[Exercise goal]
Copy out exactly the lines spanning the line with "The sideways market" to the line with "帮宝适超薄透气清新帮纸尿裤新生儿婴儿尿不湿尿片透氧Pro mini S42", inclusive, from the data underneath, with no pictures.

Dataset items
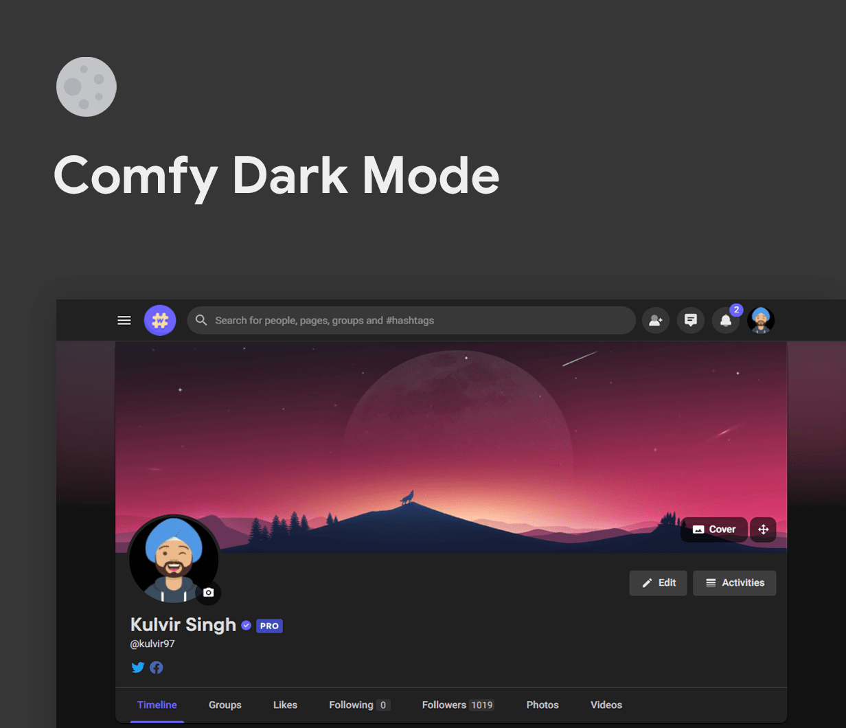 v2.0 (4 March 2021) - Added Compatibility with WoWonder v3.1 - Added Theme Options - Added new Header design (Enable in Theme Options) - Added new Welcome page design (Enable in Theme Options) - Added Click to Expand Search in Header on Mobile (Enable in Theme Options) - Added Infinite scroll products in Market (Enable in Theme Options) - Added Trending Hashtags in Sidebar (Enable in Theme Options) - Added Auto Dark Mode (Enable in Theme Options) - Added Profile Picture Changer in the Group - Fixed RTL Layout issues - Fixed 10+ bugs
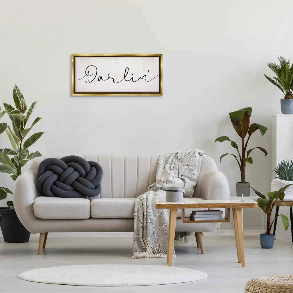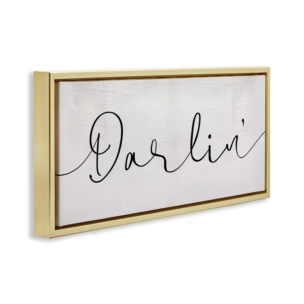 Stupell Darlin' Sentiment Elegant Cursive Framed Floater Canvas Wall Art Design By Daphne Polselli - 31 X 14 - Gold
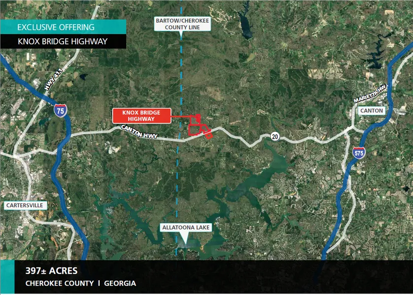 397 +/- acres on Knox Bridge Highway in Cherokee County. The property allows for a large development that may consist of multiple price points and offering a prime opportunity to enter into or expand within this market.
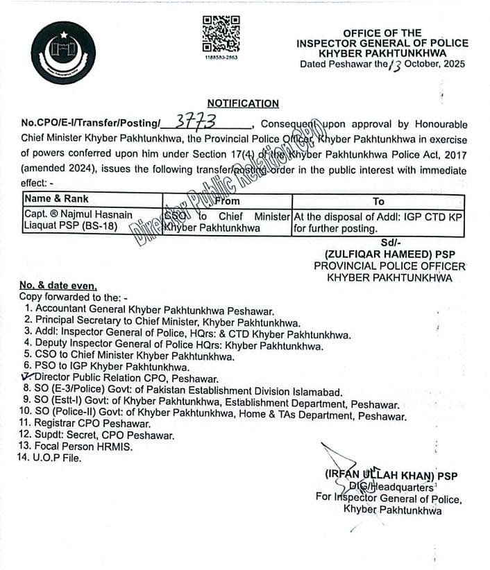 Chief Security officer Najam ul Hassan has become the first casualty of the new CM KP. He has been removed from his post of Chief Security Officer and directed to report to the CTD (Counter Terrorism Department).
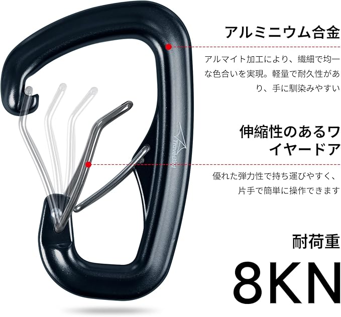 「軽量高耐荷重」:重さわずか26グラムのカラビナクリップは、8KN(800KG)の高耐荷重を誇り、アウトドア愛好家に最適です。コンパクトなデザインと滑らかな表面により、持ち運びや操作が簡単です
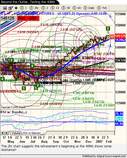 The sideways market has retracement sentiment rising, I still have a few bullish tingles in my toes? I thought for sure we were going to see 1460?<g> Watch out for momentum in either direction? Watch the 50 RSI as usual whether trading the 2hour or daily. The 40MA is definitely in play.
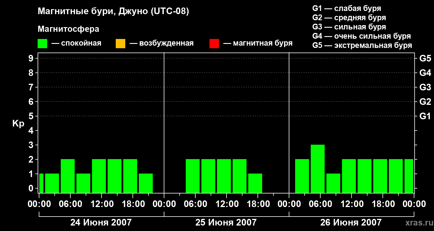 Изменения геомагнитного индекса Kp с 24 по 26 июня 2007 года для средних широт
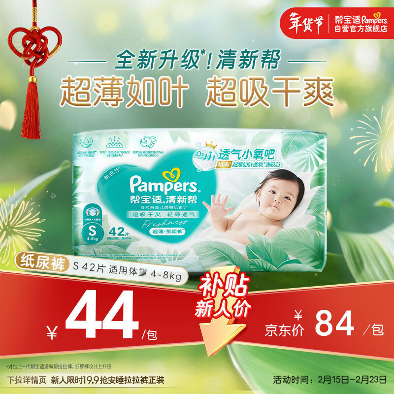 帮宝适超薄透气清新帮纸尿裤新生儿婴儿尿不湿尿片透氧Pro mini S42
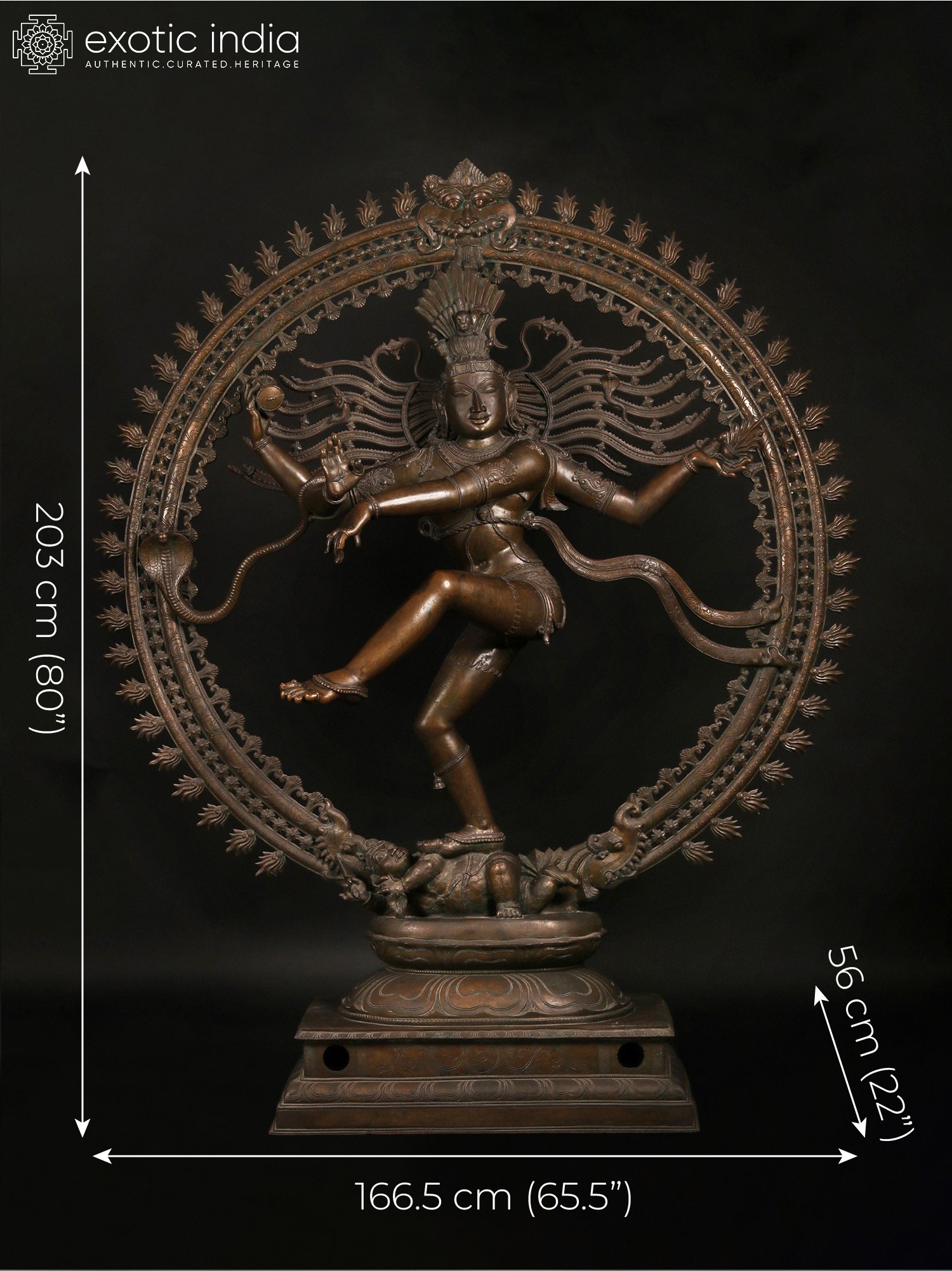 A larger-than-life bronze to grace the home or office of the truly devoted. Fashioned from panchaloha, a mix of five (‘pancha’) different alloys of iron (loha), it depicts the Nataraja roopa (form) of the great Lord Shiva. Caught amidst His powerful, all-annihilating tandava, the stance is one of enchanting grace and harmony.
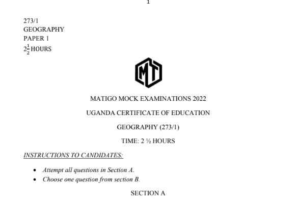 MATIGO MOCK EXAMINATIONS 2022 UCE GEOGRAPHY PAPER 1
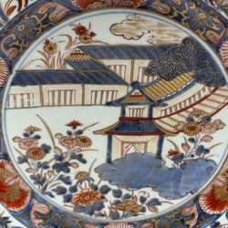 | Omschrijving | Een vroeg 18e eeuwse Japans porseleinen schotel, Edo periode. Met decor van kwartels tussen de bloemen en planten en een Oosters landschap op het plat. Ca 1700. |
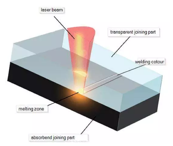塑料激光焊接要求焊接材料一方具有激光透過(guò)性,另一方則具有吸收性,稱為透過(guò)式塑料激光焊接。對(duì)于吸收性不足的材料,通常采用添加吸收劑(碳黑)的方式。只是碳黑也能吸收可見(jiàn)光,容易造成焊縫顏色變深,與母材顏色不同。英國(guó)焊接學(xué)會(huì)(TWI,The Welding Institute)已研制出對(duì)可見(jiàn)光透明的染料,可解決此問(wèn)題。
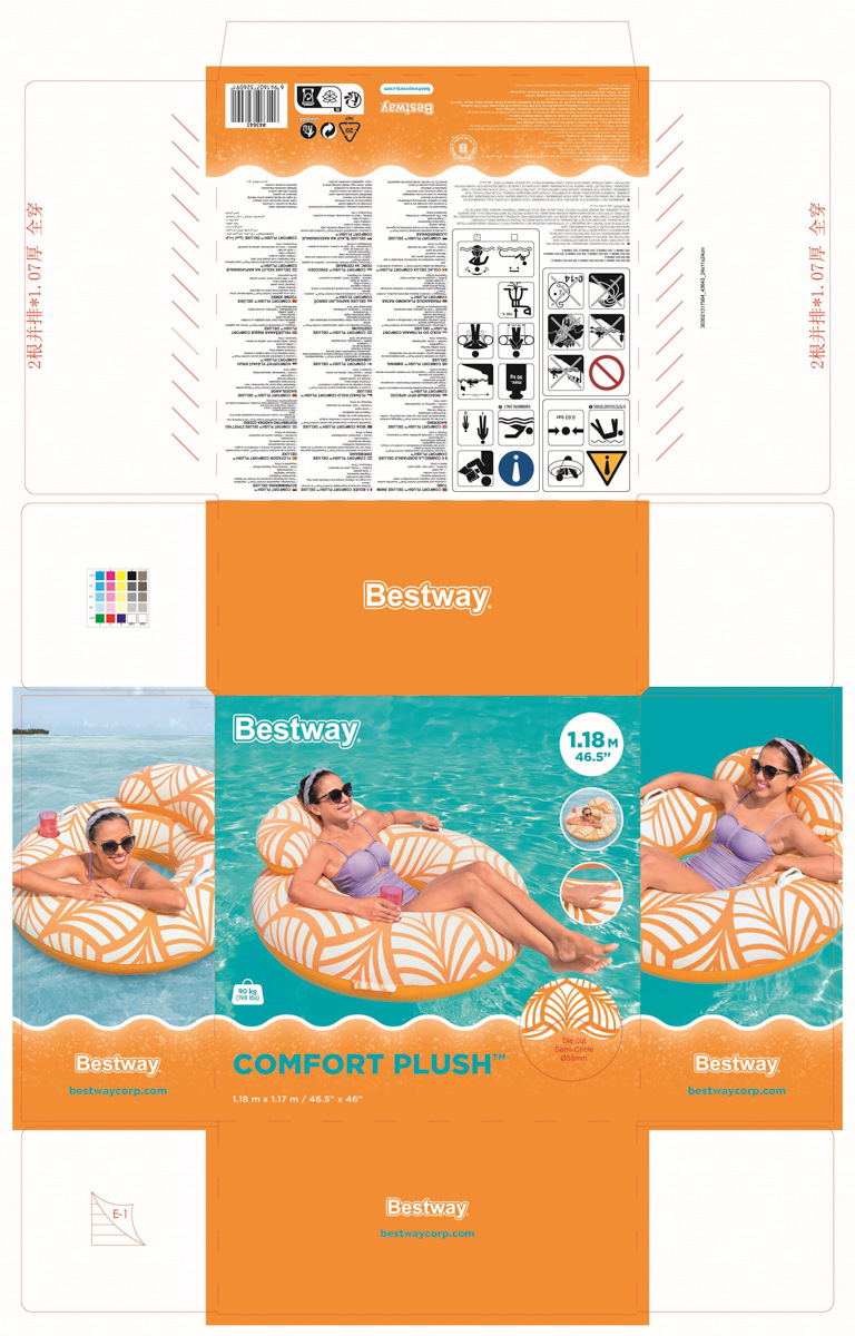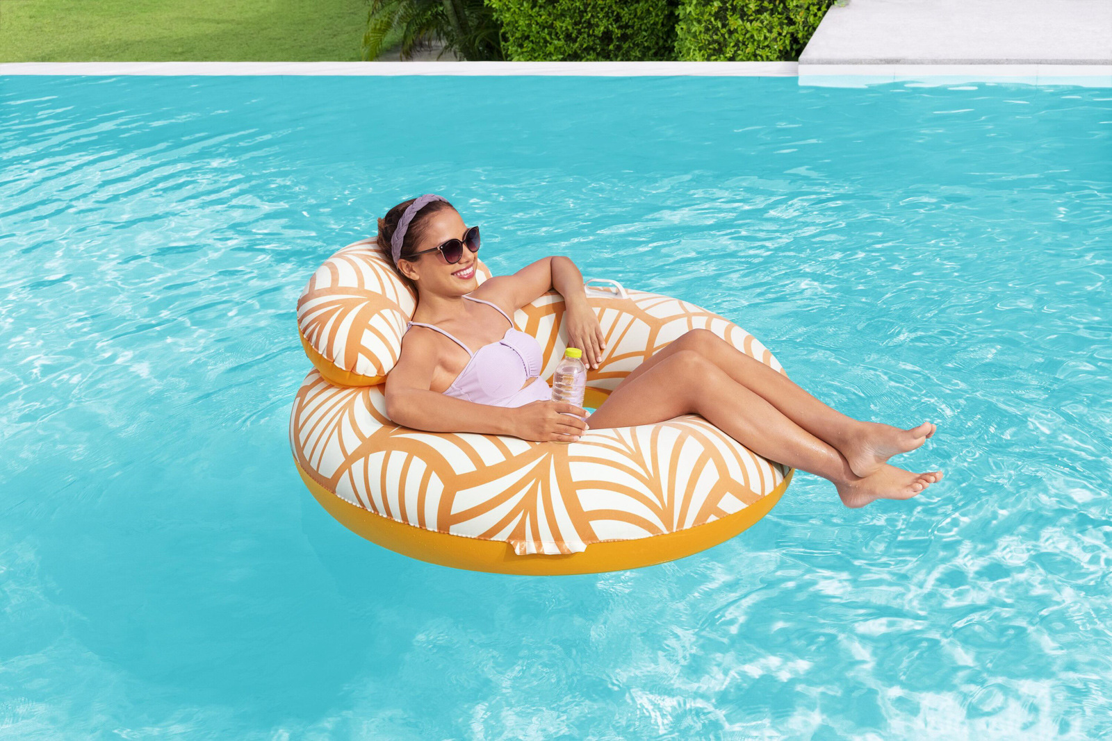 Bestway® Nafukovací kruh s opěrkou hlavy Comfort Plush Deluxe™. Luxusní a sametový povrch. Vyrobený z velmi kvalitního a odolného PVC velurového materiálu a disponuje průměrem 118 cm. Kruh Bestway je vybaven opěradlem, odolnými madly a prostorem na láhev nebo plechovku s vaším oblíbeným pitím. Barva materiálu se po vložení do vody rozjasní a zesílí. Včetně opravné záplaty. Nafouknutá velikost kruhu: Ø 104 x 48 cm. Nenafouknutá velikost kruhu: Ø 118. Rozměry balení: 24 x 24 x 11 cm. Určeno pro 1 osobu. Maximální nosnost: 90 kg. Věk: 14+

[Exercise result]
 The sideways market has retracement sentiment rising, I still have a few bullish tingles in my toes? I thought for sure we were going to see 1460?<g> Watch out for momentum in either direction? Watch the 50 RSI as usual whether trading the 2hour or daily. The 40MA is definitely in play.
 Изменения геомагнитного индекса Kp с 24 по 26 июня 2007 года для средних широт
 帮宝适超薄透气清新帮纸尿裤新生儿婴儿尿不湿尿片透氧Pro mini S42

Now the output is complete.